Gemasiber80news.com,LEBAK – Pengerjaan proyek Program Percepatan Peningkatan Tata Guna Air Irigasi (P3-TGAI) tahun anggaran 2026 di Blok Kiara Payung, Daerah Irigasi (DI) Cimiring, Kampung Cipetir, Desa Pamubulan, Kecamatan Bayah, Kabupaten Lebak, Banten, menuai sorotan.
Proyek tersebut diduga/terkesan dikerjakan asal jadi dan patut diduga tidak sesuai RAB.
Berdasarkan hasil investigasi tim media di lapangan pada Senin (6/7/2026), proyek P3-TGAI ini terindikasi menggunakan material batu cadas dan pasir bercampur lempung Selain itu, pemasangan fondasi bangunan irigasi juga dinilai kurang maksimal.
Saat dikonfirmasi di lokasi, sejumlah pekerja mengaku bahwa penggunaan material batu cadas dan pasir lempung tersebut telah diizinkan oleh pihak pelaksana.
“Kalau batu cadas diperbolehkan oleh Pak Edi selaku ketua pelaksana pengerjaan ini. Rata-rata batuannya memang seperti ini, dicampur dengan batu karang,” ujar salah seorang pekerja di lokasi.

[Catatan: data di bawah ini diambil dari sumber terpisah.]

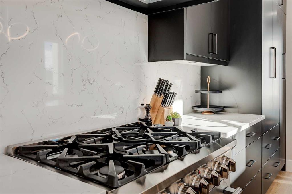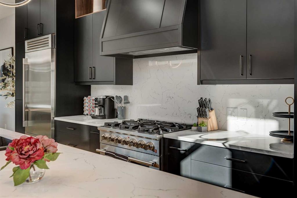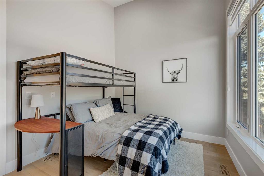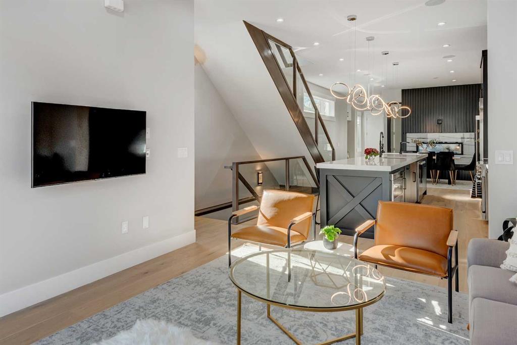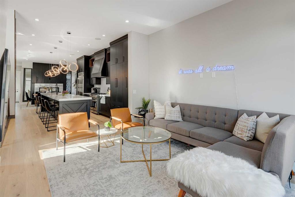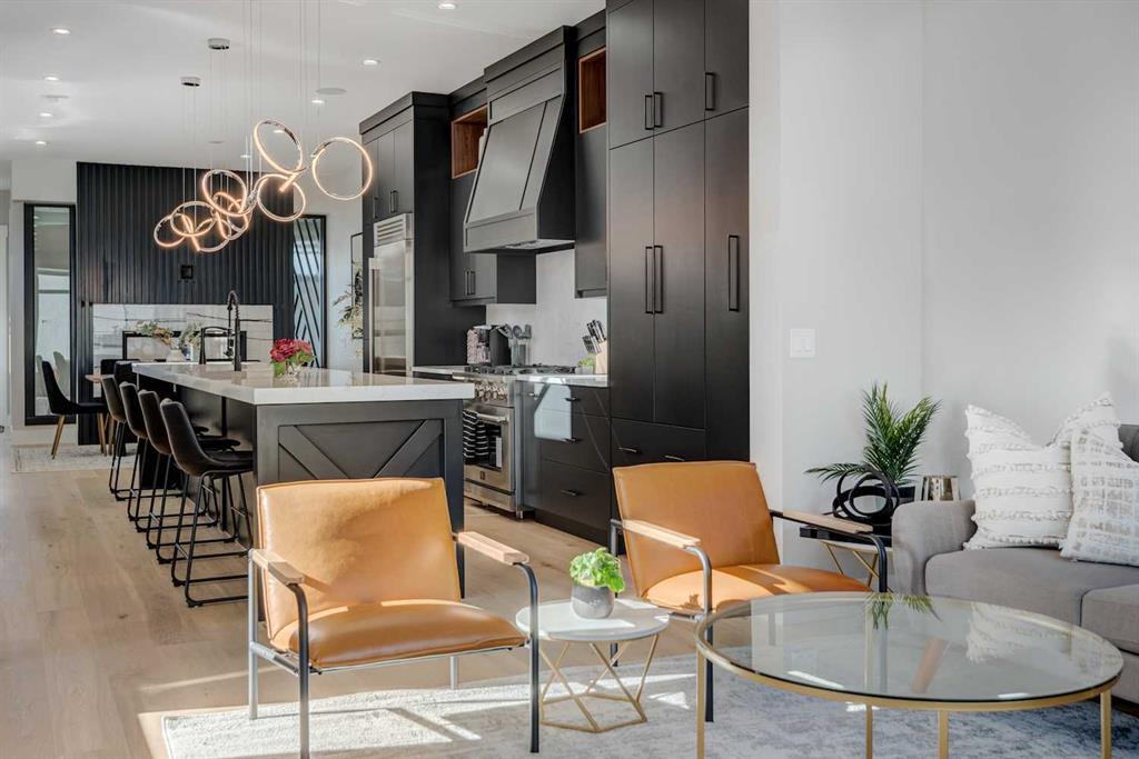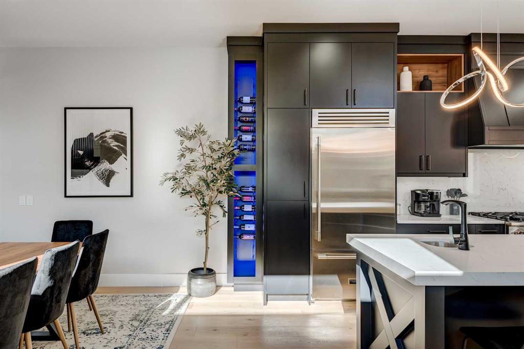 An exceptional opportunity to own a fully finished detached infill offering 3,178 sqft of refined living space, currently operating as a successful Airbnb and offered fully furnished with all décor and contents included—a truly turnkey investment or effortless move-in opportunity. Designed with striking contemporary style and everyday functionality, this home impresses from the moment you arrive. The main level features an open, light-filled layout ideal for entertaining and daily living. A private main-floor office showcases a statement feature wall and elegant dual-sided fireplace, creating an inspiring work-from-home space. The heart of the home is the chef’s kitchen, complete with an oversized island and prep sink, premium stainless-steel appliances, gas stove, custom hood fan, and counter-depth refrigerator. Adjacent to the kitchen, the dining area is highlighted by a built-in wine display and offers ample space for hosting memorable gatherings. The inviting living room flows seamlessly to the outdoor retreat. Upstairs, enjoy a versatile bonus lounge, three well-appointed bedrooms, and a dedicated laundry room. The primary suite is a true sanctuary, featuring a generous walk-in closet and a spa-inspired five-piece ensuite with heated tile floors, glass-enclosed shower with body jets and dual shower heads (steam-ready), soaker tub, and a refined barn-door entry. Secondary bedrooms include custom wardrobes and share a beautifully finished four-piece bathroom. The bonus room, complete with a wet bar and beverage fridge, can easily convert into an additional bedroom or flexible living space. The fully developed basement rivals the upper levels with a spacious entertainment area featuring a custom wet bar and built-in media unit, perfect for hosting. A dedicated home gym with mirrored walls and luxury vinyl flooring, a large guest bedroom, and a full bathroom complete this level. Step outside to a private backyard oasis designed for year-round enjoyment, highlighted by a luxurious hot tub, ideal for both personal use and short-term rental appeal. Built with meticulous attention to detail, this home includes air conditioning, in-floor heating, and a central vacuum system. Located in the desirable inner-city community of Shaganappi, close to parks, schools, amenities, and the Shaganappi Point CTrain, and within the catchment for Western Canada High School, this property offers a rare blend of luxury living, income potential, and turnkey convenience. Book your private showing today.

Para pekerja juga membeberkan bahwa sistem pengupahan proyek irigasi ini menggunakan sistem borongan, bukan upah harian.
“Kami kerja borongan, Pak. Dibayar Rp40.000 (empat puluh ribu rupiah) per meter. Sedangkan untuk material batu dihargai Rp35.000 (tiga puluh lima ribu rupiah) per kubik,” ungkap mereka.
Sayangnya, Ketua Pelaksana pembangunan irigasi Edi, tidak berada di tempat saat hendak dikonfirmasi. Padahal menurut keterangan para pekerja, yang bersangkutan sebelumnya berada di lokasi proyek.
Di tempat terpisah, Ketua P3A Seri Mustika Desa Pamubulan, Haji Endang, memberikan tanggapan saat dihubungi awak media melalui pesan WhatsApp terkait penggunaan material tersebut.
“Terkait pasir, coba konfirmasi saja dengan Pak Jaro (Kepala Desa). Soalnya yang mengirim pasir tersebut adalah Pak Jaro, saya hanya melaksanakan pengerjaan,” kata Haji Endang menggunakan bahasa daerah.
Mengenai penggunaan batu, Haji Endang berdalih bahwa hal tersebut merupakan hasil kesepakatan dengan pihak balai yang sebelumnya telah melakukan survei ke lokasi.
“Kata pihak balai, boleh menggunakan batu yang ada di sekitar area lokasi, termasuk batu cadas,” pungkasnya.
Sementara itu, Kepala Desa (Kades) Pamubulan, Sugianto, belum memberikan respons saat dimintai tanggapan melalui pesan WhatsApp terkait pengiriman material pasir tersebut.
Hingga berita ini ditayangkan, pesan yang dikirimkan masih menunjukkan status ceklis satu (belum terkirim/tidak aktif). Dan Sampai saat ini tim awak media berupaya menghubungi pihak balai.